Through rigorous qualitative and quantitative analysis, this research reveals that state-of-the-art methods, including 3D Gaussian Splatting and its variants, experience significant performance degradation when transitioning from interpolated to extrapolated test scenarios. The experimental results underscore that current NVS approaches often overfit to training views and struggle with unseen viewpoints, with notable decreases in performance metrics like PSNR, SSIM, and LPIPS. This performance discrepancy highlights the limitations in current NVS technologies and the need for methods that can robustly handle wide ranges of view shifts observed in realistic urban driving scenes.
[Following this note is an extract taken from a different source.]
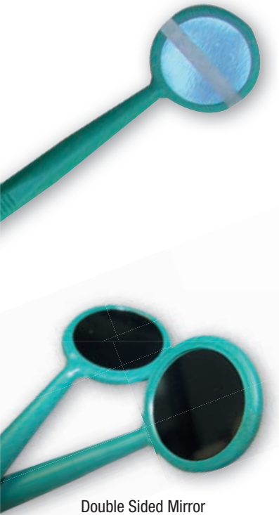
Double Sided Mirror

High quality and lightweight front surface mirror. One piece handle and mirror. Poly film protector with a pull-off tab. Available also with a double-sided mirror. Not made of glass, which increases the safety of the patient and eliminate surface reflection depth loss.

Implications and Future Directions

The introduction of the EUVS benchmark represents a significant advancement in evaluating and improving novel view synthesis methods within the AV domain. By focusing on extrapolation, the benchmark challenges existing algorithms and paves the way for innovations that enhance the adaptability and robustness required for real-world applications. The paper suggests the potential benefits of integrating diffusion models, planar-based optimizations, and incorporating depth priors to address the gaps identified. Furthermore, the findings encourage future research to continue exploring hybrid representations and more comprehensive datasets to bolster the generalization capabilities of NVS systems.

Through the creation of this benchmark, the paper not only sets a new standard for NVS evaluation but also invites researchers to contribute to an evolving dataset that aims to refine view synthesis methodologies comprehensively. This will potentially catalyze significant advancements in the development of autonomous systems and photorealistic simulators, ultimately contributing to safer and more reliable autonomous driving technologies.